┌──
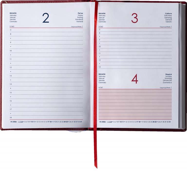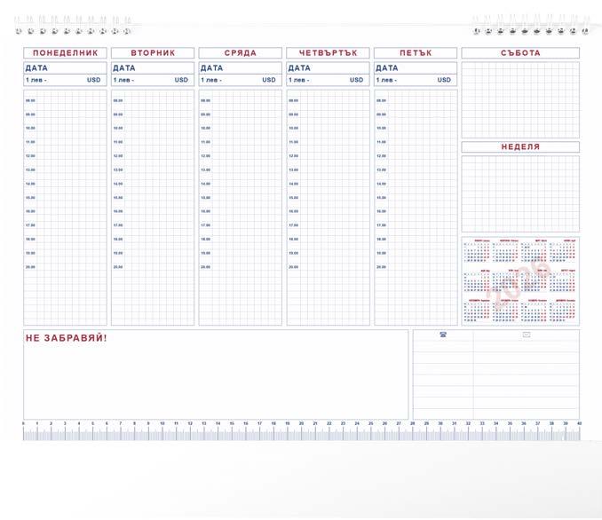 подложка: 400 гр/м2 картон; размери: 310/500 мм; 12 листа - 70 гр/м2 офсет; три цветови варианта - син/червен, сив/червен, зелен/червен
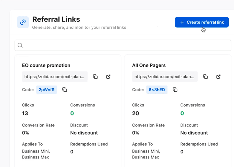 Advisors already had the trust. The referral system gave them a way to act on it, managing commissions, setting client discounts, and tracking it all from one place inside the Zolidar platform.
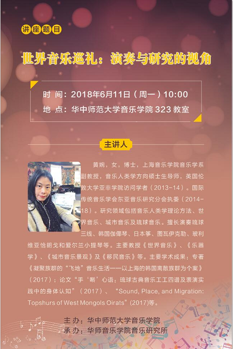 (通讯员:孙震林)2018年6月11日上午10:00,上海音乐学院音乐学系黄婉副教授于华中师范大学音乐学院323会议室举办了题目为“世界音乐巡礼:演奏与研究的视角”的讲座。本次讲座由康瑞军副院长主持。我院钢琴系、音乐学系部分师生参与了此次讲座,整个会议室座无虚席。
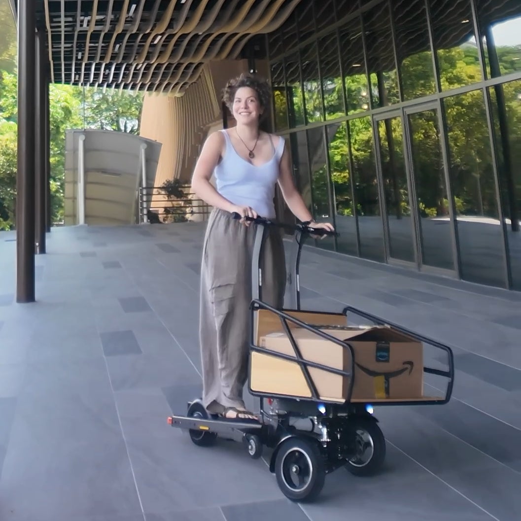 変形可能なカーゴスクーターは、人の移動だけでなく、建物から建物への荷物の運搬もシームレスに行えます。わずか3秒でトロリー(台車)に変形できるため、エレベーターや屋内空間でもスムーズに使用可能です。街の中を移動する際や、業務用の荷物を持ち運ぶ用途としての活用を想定しています。
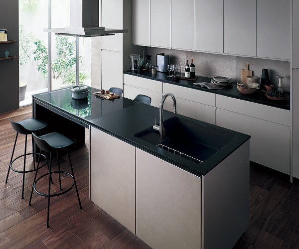 左右どちらからでも入れるアイランドキッチンなら、二人でキッチンを使ってもお互いが邪魔になりません。
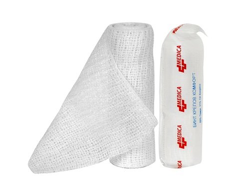Креповият бинт на Медика притежава 170 % разтегливост. Изработен е от мека, ефирна и деликатна материя. Предлага се в бял цвят със завършени краища. Притежава добра въздухопропускливост. Опакован е в прозрачно фолио. Лесен е за отваряне и употреба. Креповият бинт е подходящ за продължителна употреба при необходимост от стабилно прикрепване, особено за превръзка на гъвкавите зони на тялото. Подходящ е и за чувствителна и нежна кожа. Съставен е от 31% ПА коприна и 69% памук. Предлага се в опаковка от 4 м.
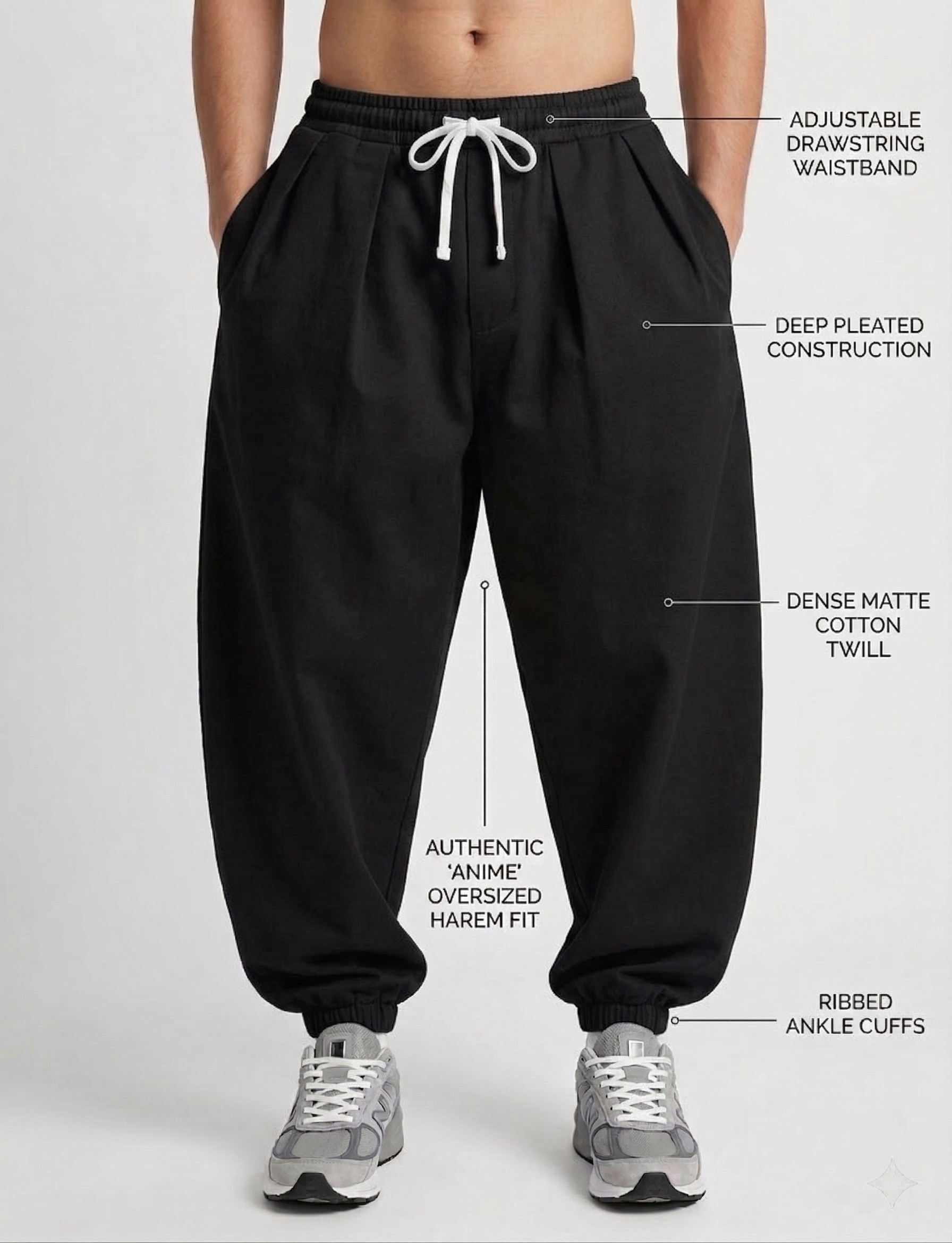 Fabric: Premium Soft Cotton Silhouette: Oversized Baggy Drop Fit Waist: Elastic Drawstring Pockets: Deep Side Pockets Finish: Ribbed Cuffed Ankles Colour: Midnight Black
└──
EXERCISE DESCRIPTION
Look above for the line with "Advisors already had" and the line with "左右どちらからでも入れるアイ"; set down those two lines and all lines between them exactly, without pictures and without anything else.

ANSWER BOX
 Advisors already had the trust. The referral system gave them a way to act on it, managing commissions, setting client discounts, and tracking it all from one place inside the Zolidar platform.
 (通讯员:孙震林)2018年6月11日上午10:00,上海音乐学院音乐学系黄婉副教授于华中师范大学音乐学院323会议室举办了题目为“世界音乐巡礼:演奏与研究的视角”的讲座。本次讲座由康瑞军副院长主持。我院钢琴系、音乐学系部分师生参与了此次讲座,整个会议室座无虚席。
 変形可能なカーゴスクーターは、人の移動だけでなく、建物から建物への荷物の運搬もシームレスに行えます。わずか3秒でトロリー(台車)に変形できるため、エレベーターや屋内空間でもスムーズに使用可能です。街の中を移動する際や、業務用の荷物を持ち運ぶ用途としての活用を想定しています。
 左右どちらからでも入れるアイランドキッチンなら、二人でキッチンを使ってもお互いが邪魔になりません。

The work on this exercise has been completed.